How often do we hear from certain quarters about the overwhelming bias among so-called liberal academics who stifle free-thinking and use their classrooms as bully pulpits? Most of these claims are made by folks who have little or no experience in academia and do so as a way to reinforce what can only be described as an overly simplistic view of the world and/or a need to filter everything through a naive personal morality play. I have to say that I usually get a kick out of these little rants.

Today I was treated to a visit by a student who graduated last year and is currently enrolled at the College of Charleston. Last year this student took my elective course on Abraham Lincoln and the Civil War and did quite well. As if one course on Lincoln isn’t enough, this student just completed a course in the English Department with Professor David Aiken, who apparently spends much of his time discussing Lincoln and the war. Apparently, Aiken offers a very different view of Lincoln compared with what this student read last year in my course. [Readings included a book by William Gienapp as well as articles by Burlingame, Holzer, Boritt, Guelzo, and Donald, etc.] The student did quite well in my course so I asked what the class discussions were like. Unfortunately, it turns out that this professor rarely allows other viewpoints from being introduced into the classroom that differ from his own. Of course, the opinion of one student counts for very little, but if you check out Aiken’s Rate My Professors page it seems that there is sufficient confirmation. Now, don’t get me wrong, I have no problem whatsoever with introducing an alternative view of Lincoln, but I do have a problem with the professor preventing his students from challenging his interpretation for no good reason. I would love to know what sources an English professor uses to teach about Lincoln.

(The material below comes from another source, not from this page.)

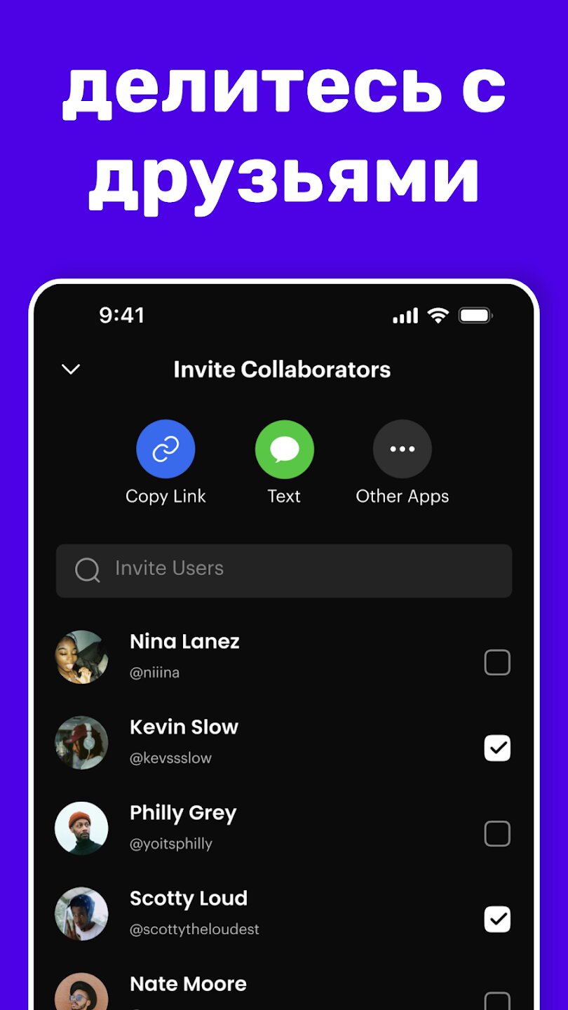 - Инструменты для совместной работы, позволяющие приглашать друзей для участия в треках.

Don’t worry, I am not going to issue any overarching condemnations of all conservative professors. I’m sure there are plenty out there that are offering their students a first-rate education.

10 responses... add one

Kevin: I wonder if he’s related to David Wyatt Aiken, colonel of the 7th SC and a postwar Congressman from SC. Is his approach history or defense of the family legacy–the memory?

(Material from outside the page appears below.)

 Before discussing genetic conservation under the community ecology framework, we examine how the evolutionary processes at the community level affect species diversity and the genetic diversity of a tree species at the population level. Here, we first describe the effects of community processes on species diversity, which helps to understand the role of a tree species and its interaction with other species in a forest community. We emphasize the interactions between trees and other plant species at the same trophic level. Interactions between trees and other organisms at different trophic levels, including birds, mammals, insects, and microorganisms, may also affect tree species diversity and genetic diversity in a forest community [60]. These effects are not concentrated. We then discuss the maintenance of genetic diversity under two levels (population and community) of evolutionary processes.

Great question John. I don’t know too much about D.W. Aiken’s postwar career other than that he was a strong supporter of the Farmers’ Alliance and Grange Movement. A positive answer to the question would definitely help to explain David Aiken’s partisan stance; unfortunately, it doesn’t say much for his worth as a teacher.

Not that all people with this degree are the same way, but the first thing I noticed is “M.Div.” in his credentials. The godless North strikes again? Probably in Professor Aiken’s opinion.

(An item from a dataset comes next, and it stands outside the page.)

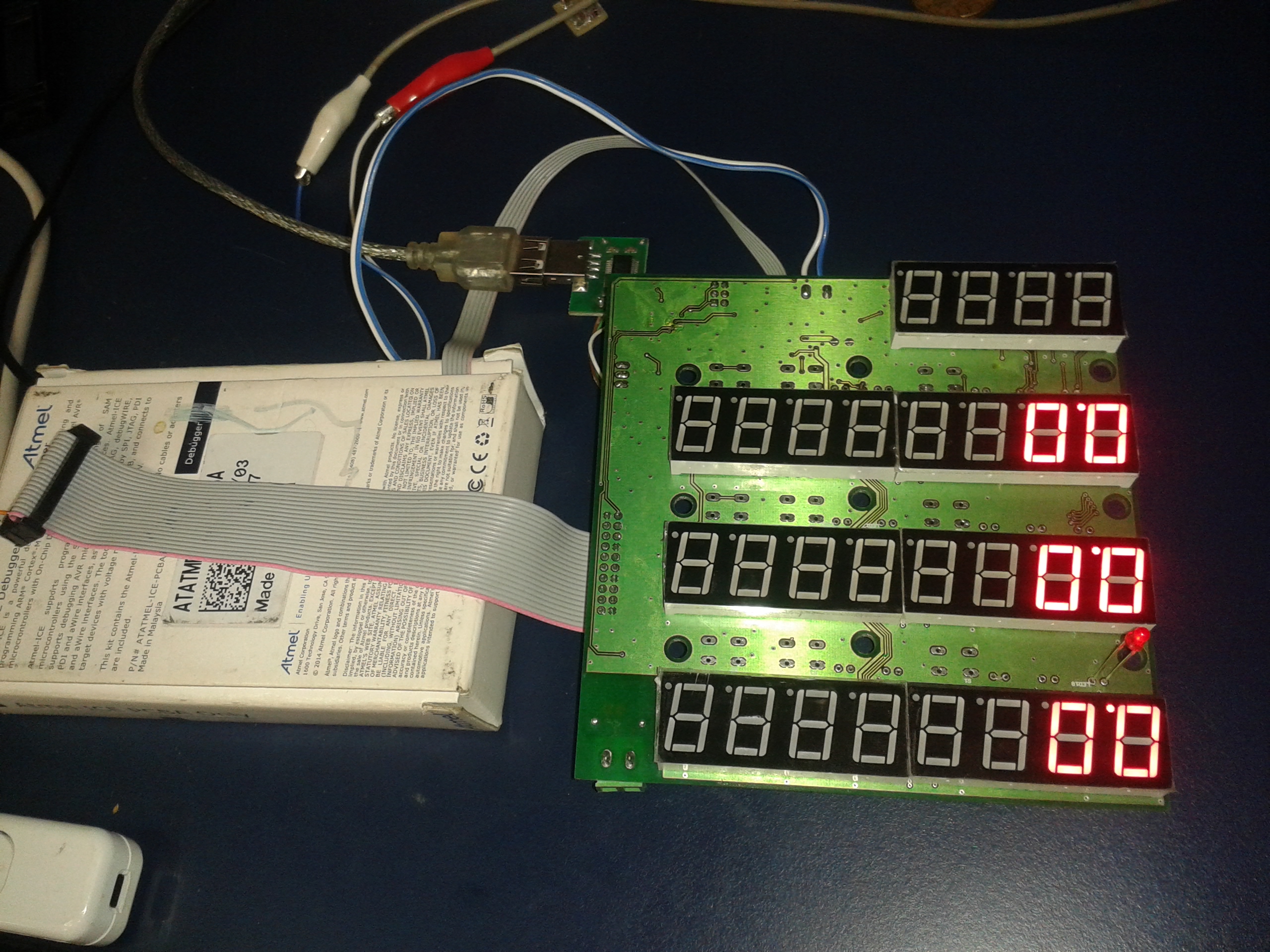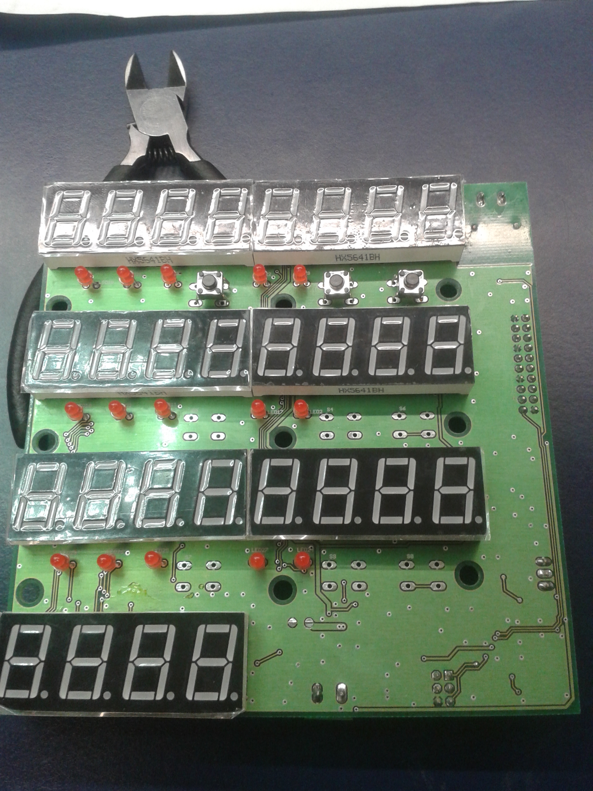 Deska už dostala pěkně za uši, nejdříve se mi podařilo osadit segmentovky se společnou anodou místo segmentů se společnou katodou :D

You weren’t very explicit, so I am assuming this professor is from the “DiLorenzo school”?

I’m just saying his conservative leanings could be explained by his divinity degree. Perhaps he went to a liberal seminary, but since his resume is very vague, I can only be vague in describing why he might be right-leaning. Not that all theologians are conservatives, but it could explain his thought process.

Kevin raises the best point. What sources is he using to support his ideas? Kevin lists his personal sources for teaching and shares them often on this site. Looking at Professor Aiken’s webpage he is neither qualified as a historiasn nor does he quote any reasonable sources as a basis for his historical opinions. That could be because he is an English instructor, not a history instructor. It could also be he doesn’t want historians to question his credibility, nor does he want students to come into his classroom with any clue as to the focus of his instruction. Intellectually blindsiding students is, perhaps, worse than being narrow in one’s views.

I was just trying to find out what sorts of things he was saying. From his vita he is greatly interested in James Gilmore Simms, which obviously indicates certain predispositions ;-)

It doesn’t surprise me. He is a founding member of the William Gilmore Simm’s society, which, amongst other things, produces threadbare works (equivalent to Simm’s own stuff) arguing about the treachery of the Union. They had Simm’s jaundiced version of history of the burning of Columbia printed with little to no context to show that Simm’s was mostly making stuff up.

Sean, — Thanks for the comment. You can read the Simms account on Google books. You are absolutely right, Aiken provides absolutely no context for understanding Sherman’s march through South Carolina nor does he seem to be aware of the vast amount of secondary sources that focus on this subject. When discussing Lincoln and civil liberties he refers back to a history written in the 1930s.